I can almost see the pensive way she’s stroking her chin. She always does that, even when I lightly tease her about it. “I know what you mean. But I do a little acting even if my main focus is writing. I’m sure you’ll figure it out.”

The line inches forward even more until I’m face to face with the airline employee. She gives me that blunt hurry the hell up look that seems to be their specialty.

“Listen, I have to go.”

“Okay,” Millie says. “And again, I’m—”

“Don’t you dare apologize again. See you later.”

“Bye, bye.”

I go through security and let my mind flit to what I’m going to do when I get to the cabin… That’s what Millie said, cabin, but somehow I don’t think it’s going to be a simple humble wooden structure.

But then again, I don’t know. Millie and I never discuss money, and I wouldn’t have it any other way.

It simply isn’t part of our friendship.

As I board the airplane, I can’t help but think about Roman Robinson, Millie’s dad. Even if he’s one of the most successful writers in the world, I have no idea what he looks like. He’s been very careful about never releasing an image of himself, and Millie has never shown me a picture.

I know he raised Millie alone after her mother died in childbirth. I know he used to be an incredibly prolific writer until recently. He hasn’t released a book in the last three years, and Millie’s made hints here and there that he’s suffering from writer’s block.

It’s part of his mystique, part of what makes him so famous – his utter refusal to participate in public life.

It’s a testament to just how incredible his writing is too. What other author could get away with never appearing in public or online?

As I rest my head against the window and watch the ground drift away, I can’t figure out why my mind keeps returning to this mystery man. Perhaps it’s because I finished one of his books last night, a thriller called Sometimes in the Rain, and the last paragraph keeps bouncing around and around in my head.

There is a pain that will never leave, he wrote. It’s a pain that will hammer into you every second of every day for the rest of your life. And that, my friend, is the pain of not taking a chance: of not acting when the opportunity arises. It’s a pain that will haunt you long after you are gone, corrupting the flowers which attempt to grow around your grave. It is a pain…

And then the novel freaking ended, leaving me feeling enraptured, curious, and changed in some way, a feeling only great novels can achieve.

But none of that matters, I assure myself as the plane soars through the air.

This summer break is about relaxing and spending time with Millie.

Not thinking about her dad.

Chapter Two

Roman

I let out short puffs of air as I slam my fists into the punching bag, rocking it on its frame as I duck from side to side.
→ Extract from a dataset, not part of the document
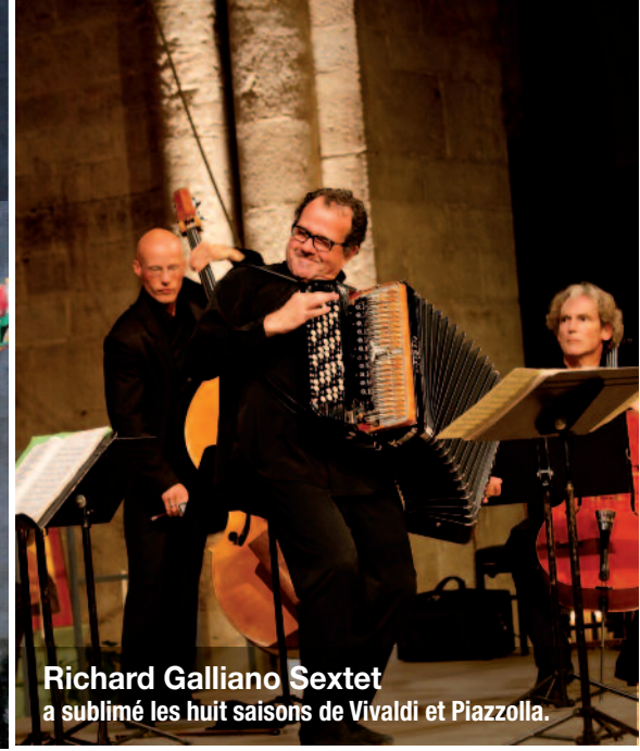
Richard Galliano Sextet a sublimé les huit saisons de Vivaldi et Piazzolla.

It squeaks as it moves back and forth, beads of sweat flying from my bare chest and hitting the gym’s floor.

It’s like I can block out the thoughts with every punch – the thoughts that I can’t write a single goddamn word, can’t drag anything out of me.
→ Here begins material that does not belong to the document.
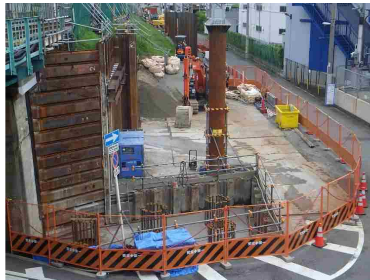
②仮線構築工（躯体工）

I sit at the keyboard and stare at the screen and nothing happens.

All my life – I reflect as I pick up speed, hammering my fist like I’m pummeling my worst enemy – I’ve been able to sit at a computer and simply type.
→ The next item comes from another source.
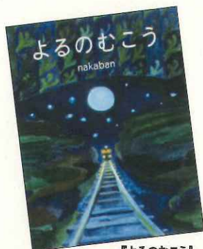
『よるのむこう』 nakaban / 著 2013年 白泉社 E / ナカ

That was all I had to do, sit and type, and as if by magic the words would flood the page, filling it up, up, up, until sometimes it felt like somebody else had written the book. It was like hypnosis or mindfulness or whatever the fuck people want to brand it.

I didn’t care what people called it, as long as it worked. As long as I could get rid of this clawing need inside of me, the need that’s always been there, this hole I’ve only ever been able to fill with writing.